PowerColor Radeon HD 4850
A solid value, especially for a home-theater PC
Whereas AMD’s Radeon HD 4830 resembles a Radeon 4870 after a partial lobotomy, the Radeon HD 4850 that sits between these two cards comes with a full complement of 800 stream processors. But don’t make the mistake of thinking you can overclock a 4850 board to achieve the same performance as one based on the 4870: The latter uses GDDR5 memory while the former is limited to GDDR3.
We never thought we'd give even a qualified recommendation to a $130 videocard, but we can give this one a thumbs-up.
PowerColor nudged this card’s core clock speed a wee bit to 635MHz (10MHz above stock), but left its 512MB of memory running at a stock 993MHz. Here again, PowerColor attached a decidedly non-stock cooler to the GPU and memory, though it proved to be quieter than the larger fan on its Radeon HD 4830 board. In addition to a dual-link DVI port, PowerColor provides both an HDMI port and a DisplayPort connector on the mounting bracket—the only card in this roundup to offer such a complete array of outputs.

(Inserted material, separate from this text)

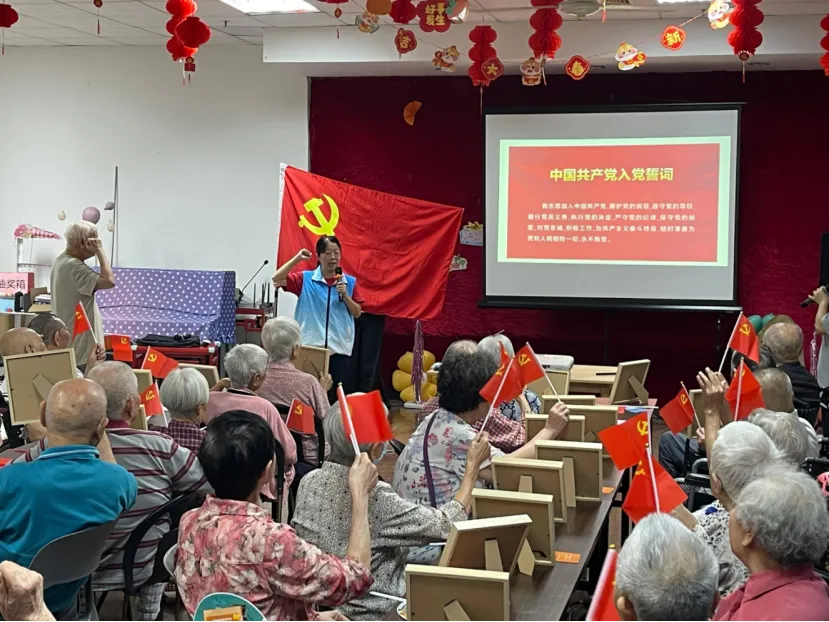 ●銘記光輝,汲取力量:活動伊始,全體黨員和長者們共同觀看了精心準(zhǔn)備的黨史短片。短片濃縮了黨波瀾壯闊的104年奮斗歷程,展現(xiàn)了共產(chǎn)黨人矢志不渝的初心使命和改天換地的偉大成就。在黨史光輝的映照下,大家共同追憶崢嶸歲月,感悟信仰力量,為后續(xù)環(huán)節(jié)奠定了深厚的情感與思想基礎(chǔ)。

Delivering higher benchmark results at a street price that’s $20 lower than EVGA’s GeForce 9800 GT, PowerColor’s implementation of the Radeon HD 4850 delivers an excellent price/performance ratio. The card falls just short of our minimum performance requirements for Far Cry 2 and Crysis, but it turned in a great performance with CoD 4. Its quiet nature and native HDMI support render it worthy of consideration for a home theater.
Federer
Complete array of outputs. Great price/performance ratio. Quiet enough for home-theater setup.
Roddick
Falls just short of our minimum gaming performance requirements.